# Homo NN 自定义Trainer

目前FATE自带的FedAVGTrainer仅针对常用的分类、回归任务，但是如果说有特殊的使用需求，比方说，目标检测，推荐，语义标注等，对数据集，loss和训练流程有特定的需求，则需要修改现有的训练流程。

FATE-1.10除了Dataset与CustModel外，还支持对Trainer的自定义，以满足对训练流程定制化的需求: 
trainer的基类位于nn.homo.trainer.trainer_base下，
如果需要开发自己的Trainer，你需要实现一些接口，以让FATE可以正确调用

## TrainerBase接口介绍

### TrainerBase的部分代码
此处我们介绍TrainerBase的部分代码，下栏给出了部分代码，它们与你定制化自己的Trainer有关系。根据它们我们可以很快的实现一个简单的定制化Trainer

- \_\_init\_\_ 你可以在这里定义Trainer需要用到的参数，如epoch, batch_size等

- train接口: 你需要实现的接口，在运行时，Homo-NN component会自动调用train函数，进行训练。该接口接受四个参数，train_set, validate_set, optimizer和loss。Homo-nn component会根据你在pipeline里的设置，把你设定的训练集，验证集，optimizer和loss传到train里，请注意，optimizer会用model的parameters()实例化，而loss是pytorch loss function的实例。因此，你可以在train function里写你自己的训练流程。

- self.model: 在算法运行时，在运行train前， Homo-NN component自动地调用set_model接口，设置你的模型，因此，在实现train时，你可以通过self.model来使用模型

- local_mode() 和 self.fed_mode: 你可以通过local_mode() 将 self.fed_mode设置为False，在train中你可以通过fed_mode来区分本地测试的本地模式和联邦模式，这个功能你可以在你本地开发/测试的时候使用

我们可以从下面一个简单的Trainer例子了解Trainer的定制化

In [None]:
class TrainerBase(object):

    def __init__(self, **kwargs):
        
        self._fed_mode = True
        self._model = None
        ...

    @property
    def model(self):
        if not hasattr(self, '_model'):
            raise AttributeError('model variable is not initialized, remember to call'
                                 ' super(your_class, self).__init__()')
        if self._model is None:
            raise AttributeError('model is not set, use set_model() function to set training model')
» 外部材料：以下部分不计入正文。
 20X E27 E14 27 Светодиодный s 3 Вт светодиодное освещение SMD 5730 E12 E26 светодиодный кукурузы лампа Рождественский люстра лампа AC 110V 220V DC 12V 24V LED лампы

        return self._model

    @model.setter
    def model(self, val):
        self._model = val
        
    def set_model(self, model: Module):
        if not issubclass(type(model), Module):
            raise ValueError('model must be a subclass of pytorch nn.Module')
        self.model = model

    @property
    def fed_mode(self):
        if not hasattr(self, '_fed_mode'):
            raise AttributeError('run_local_mode variable is not initialized, remember to call'
                                 ' super(your_class, self).__init__()')
        return self._fed_mode

    @fed_mode.setter
    def fed_mode(self, val):
        self._fed_mode = val

    def local_mode(self):
        self.fed_mode = False

    @abc.abstractmethod
    def train(self, train_set, validate_set=None, optimizer=None, loss=None):
        """
            train_set : A Dataset Instance, must be a instance of subclass of Dataset (federatedml.nn.dataset.base),
                      for example, TableDataset() (from federatedml.nn.dataset.table)
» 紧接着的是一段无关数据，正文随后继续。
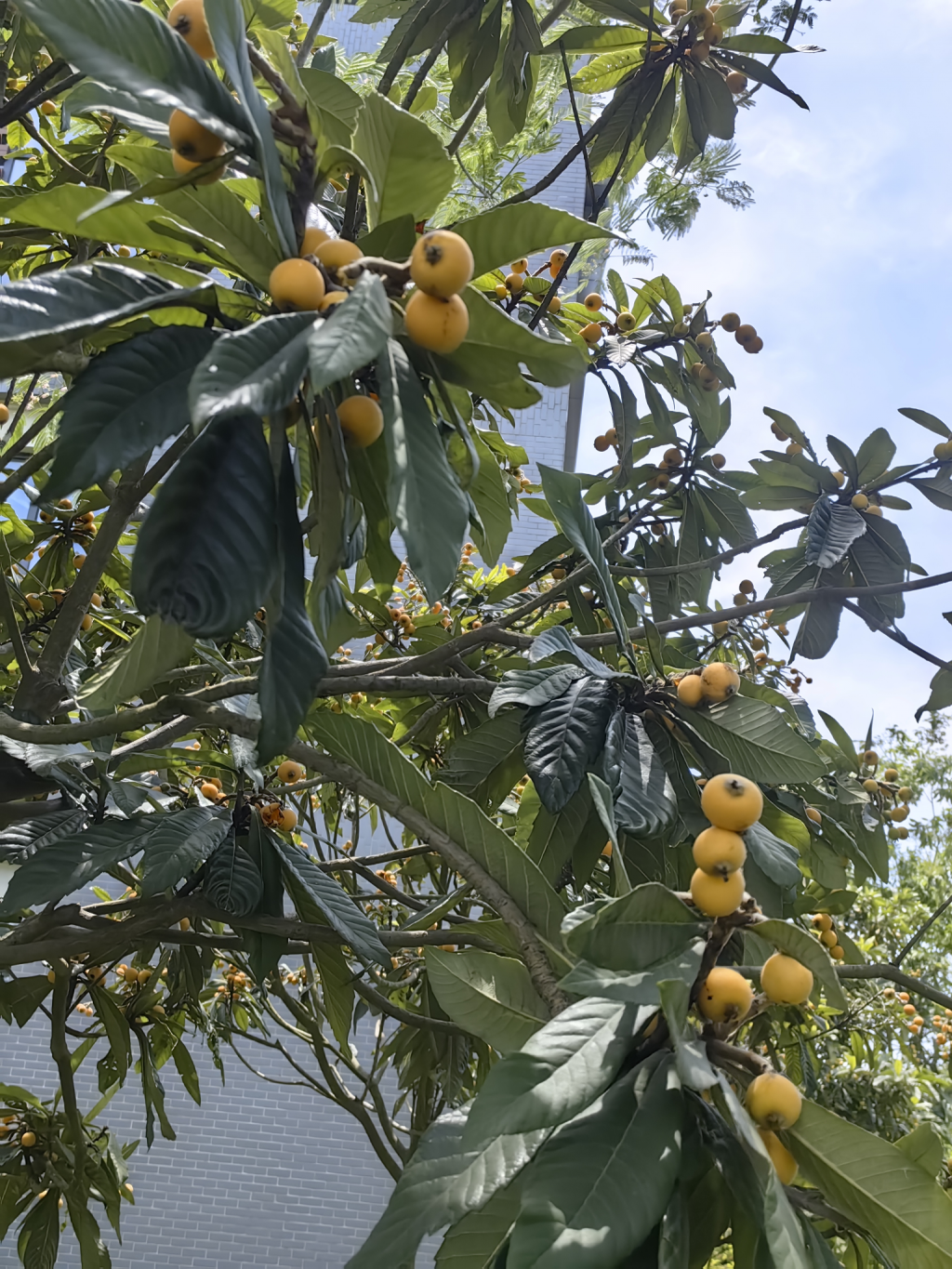 住宿楼下的枇杷树都挂满了果子,都熟了,摘了几颗尝了一下,酸甜酸甜的。

            validate_set : A Dataset Instance, but optional must be a instance of subclass of Dataset
                    (federatedml.nn.dataset.base), for example, TableDataset() (from federatedml.nn.dataset.table)

            optimizer : A pytorch optimizer class instance, for example, t.optim.Adam(), t.optim.SGD()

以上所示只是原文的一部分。